Aujourd’hui, la réalité virtuelle et les serious games intégrant cette technologie rendent accessible au grand public ces expériences simulées. Et, même si les cas d’usage restent aujourd’hui encore marginaux, encore vus comme une vitrine, c’est sans doute ce domaine qui offre les plus belles perspectives. À l’heure où le bouleversement des métiers, le besoin de s’adapter à de nouveaux environnements de travail va en grandissant, disposer d’un espace (virtuel ou non) pour apprendre en sécurité ne sera plus un luxe mais une nécessité.
Un des enjeux-clés des professionnels de la formation est de développer une pédagogie de la compétence.

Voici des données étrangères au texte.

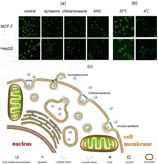 (a) Cellular uptakes of CAS-loaded nanoemulsions after incubating with MCF-7 and HepG2 after treatment with specific endocytosis inhibitors; (b) cellular uptake of CAS-loaded nanoemulsions after incubating with MCF-7 and HepG2 under different temperatures (37 °C and 4 °C) treatment for 30 min. The control was incubated with nanoemulsions without inhibitors. (c) Illustration of the protentional endocytic pathways for uptake of CAS-loaded nanoemulsions.

Faire accepter l’idée que développer des compétences est un processus complexe, une course de fond dans laquelle les organisations doivent s’engager concrètement. Il ne s’agit plus de chercher la solution miracle, mais bien de penser en amont des systèmes apprenants, d’en co-construire le design avec le terrain, de mailler des solutions, et de prendre la mesure du nécessaire besoin d’accompagnement humain associé, car faire d’une connaissance une compétence maîtrisée demande du temps, de la pugnacité, de la résilience et du courage à l’apprenant.
La formation ne peut plus se contenter d’être vue simplement comme une fonction connexe, décorrélée du business, elle doit s’imposer comme un système transverse au service des transformations.